Our Dear Ol’ Dads
Father’s Day is on June 20th. I always had a difficult time picking out just the right present for Father’s Day. What do you give the man who has given so much of himself throughout your life? A tie just doesn’t seem like enough.
The man I considered “Dad” was my stepfather, John. Our original father decided marriage and fatherhood wasn’t for him. I was very young at the time and can count on one hand the number of memories I had with him. No bad memories, just very few of them—the last being when I was 8 years old. He just sort of quietly exited our lives and that was that.
Enter John. John was just what we needed (even if we didn’t know it at the time). Here was a man, never married, who decided he wanted a wife with three kids…a ready-made family, as it were. Oddly enough, it was our original father who introduced John to my mother. John was an auto mechanic and Mother’s car needed repair. I was too young to recall the particulars, but after repairing Mom’s car, he cut off ties with our father and was soon a regular visitor to our home, mostly on weekends.
At the time, I was a bit shy around grown men. I suppose having a mostly absent father had something to do with that. However, John was determined to gain my trust. After consulting with Mom, he came by one Saturday afternoon to cook dinner for us (he loved to show off his outdoor grilling skills), and he brought me a present. I was 7 years old at the time and have never forgotten that Saturday. Here was a grown man, waltzing in, carrying a little baby doll with layette. I shyly walked up to him and asked him “Who is that for?” With a huge grin on his face, he answered “Who do you think it’s for?” Oh, it was precious. A little baby doll with a bassinet, a baby bottle, clothing changes…he must have spent a pretty penny on it, and I loved it. My shyness dissolved. It was about a year or so later that he and Mom married.
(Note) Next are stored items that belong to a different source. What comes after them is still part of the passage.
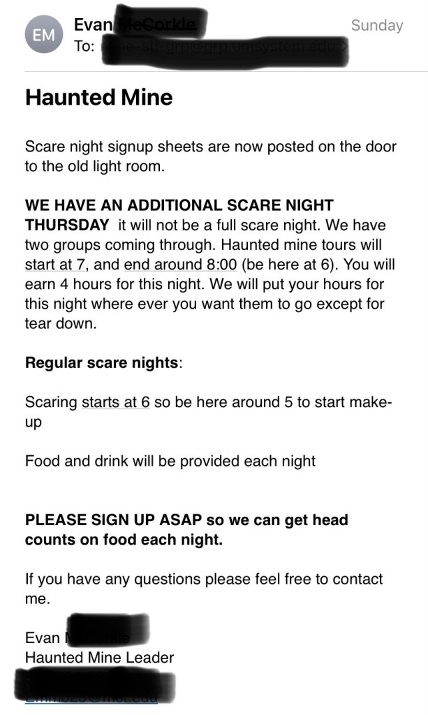 Thanks for going with me to the Haunted Mine at our university (aka place of business).
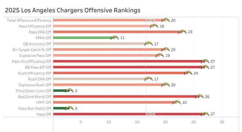 The Chargers finished 16th in pressure rate (36.9%) last season, ranking 10th with 45 sacks.
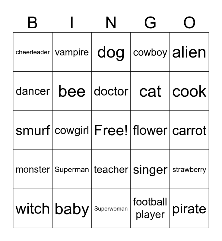 This bingo card has a free space and 24 words: witch, Superman, doctor, football player, alien, cheerleader, vampire, dog, flower, carrot, smurf, bee, singer, strawberry, dancer, baby, Superwoman, cowboy, cook, monster, cowgirl, teacher, cat and pirate.

He was such a warm and caring man. The whole family—including extended family—simply loved him. Of course, he was everyone’s go-to mechanic, but in our home, he was also someone you could always depend on and trust. As a child I looked up to him; as a teenager, I could cry about teenage things and he would patiently listen and offer advice; as an adult I was proud to have him as my father.
It’s been many years since John has passed on, but I would not be the woman I am today if it wasn’t for his gentle parenting skills. Of course, it took him a while to learn to be a father, but he mastered it, and I can’t imagine having anyone better as a father and a role model.
Happy Father’s Day to all the fathers, stepfathers, and any other person taking on the role of Dad in your family.